Thursday, July 08, 2004

Obsession, or What Separates the Ladies from the Girls

Day 3 on the Loraine project. She and my 1ghz G4 successfully see each other now, although the G4 software is too new for the poor old SE to mount any shares on the newer machine. I have an NT box that is getting updated so it can run a system 7 style server so hopefully the SE will see that.

I watched the first disc of Serial Experiment: Lain last night. It wasn't exactly the best anime I've seen, but it still ranks up there as pretty good. In it, a young girl seemingly communicates with the dead inadvertently through her computer, aka the Navi. The plot was pretty twisty, but Lain's character metamorphosis from young, popular schoolgirl to obsessive computer geek was pretty gripping and amusing to watch. The movie was filled with Apple and BeOS references. Lain's Navi was from a Japanese company whose name translates to "Orange". :) She had a portable Newton-inspired hand held Navi. There are small computers in the series that look like a sharp-edged iMac.

Lain's dilemma of finding out why she could talk with the dead struck a chord with me as a software engineer. I realized in our field, you cannot survive or do well without an ample dose of obsession. Mostly because the majority of people would find the long hours sitting behind a console typing, testing, compiling over and over to perfection boring or repetitive.
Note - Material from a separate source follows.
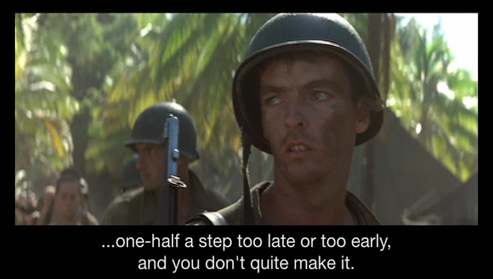 All footage taken from The Thin Red Line, Terrence Malick, USA, 1998 and pre-game speech from Any Given Sunday, Oliver Stone, USA, 1999
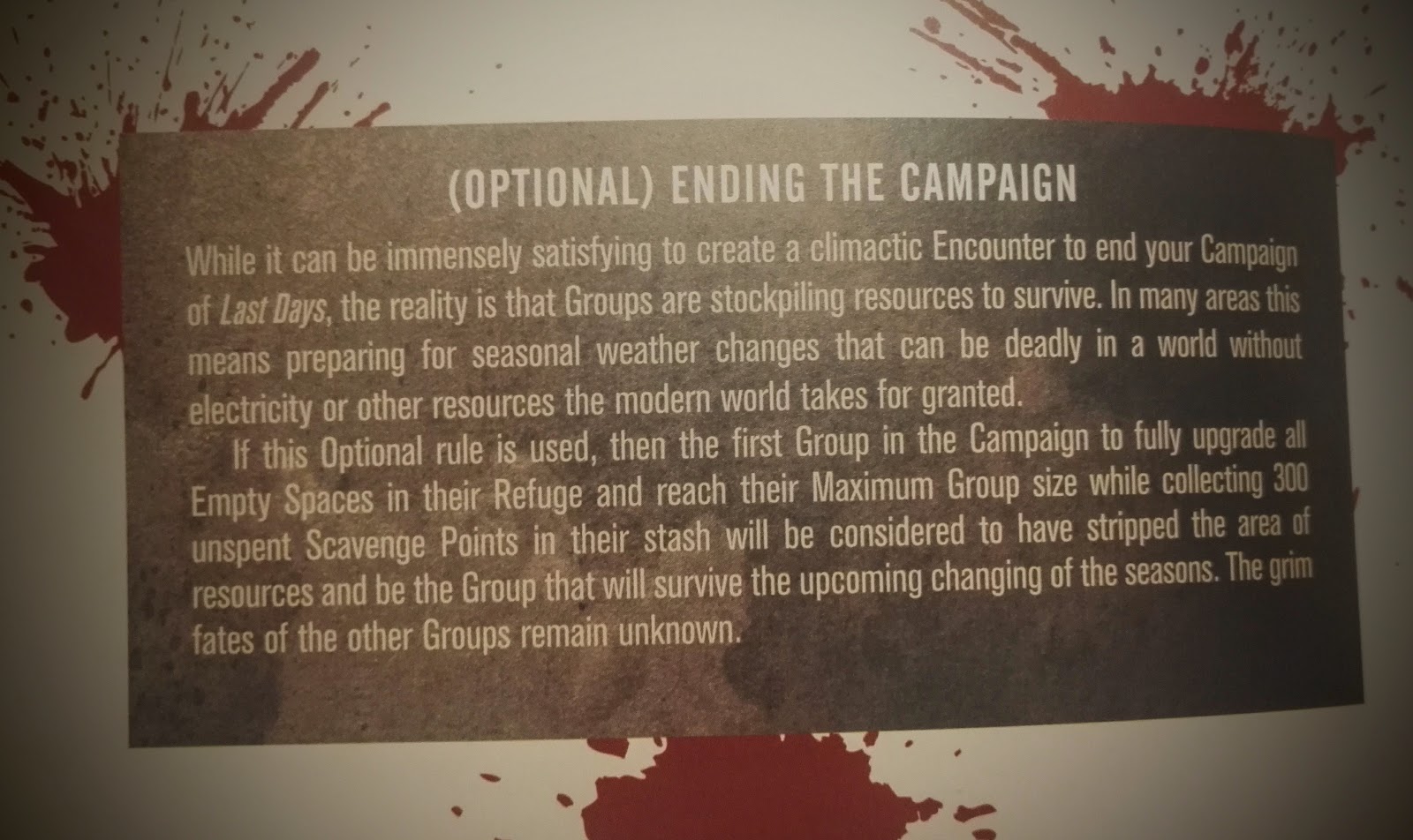 Skirmish games begs for campaigning and for this Last Days seems to shine. After scenarios character might get new skills, new gear, improve the refuge or find new survivors. But they'll also take damage, get wounds, amputated limbs and get attacked by zombies at their home.

However, I've watched my colleagues and myself play siege against a particularly nasty bug for hours on end. Even when the bug is in the OS, the challenge to our programming honor is enough that it genuinely bothers us to have let something go broken or unsolved.

I think this generalization applies to all the creative fields. Artists will take the most mundane things normal humans see no potential in, such as small tiles. They repeat actions over and over to make a beautiful work of art, such as a mosaic. Steve Jobs is notoriously obsessive over his company's products, which are famous worldwide for their beauty and design. The Woz, when he still did work for Apple, was as obsessive over the beauty of the Apple's internal design of motherboards. Lain obsesses over her problems until she transcends them entirely and enters a more beautiful realm of existence.

Well, enough heavy thought for now. I will probably continue obsessing over my herd of Macs until Loraine is online. However, to celebrate me deciphering Localtalk and the version compatibility problems, I have added more movies to the Netflix queue. New on the list are some classic Woody Allen (Purple Rose of Cairo, Sleeper) and Romeo + Juliet.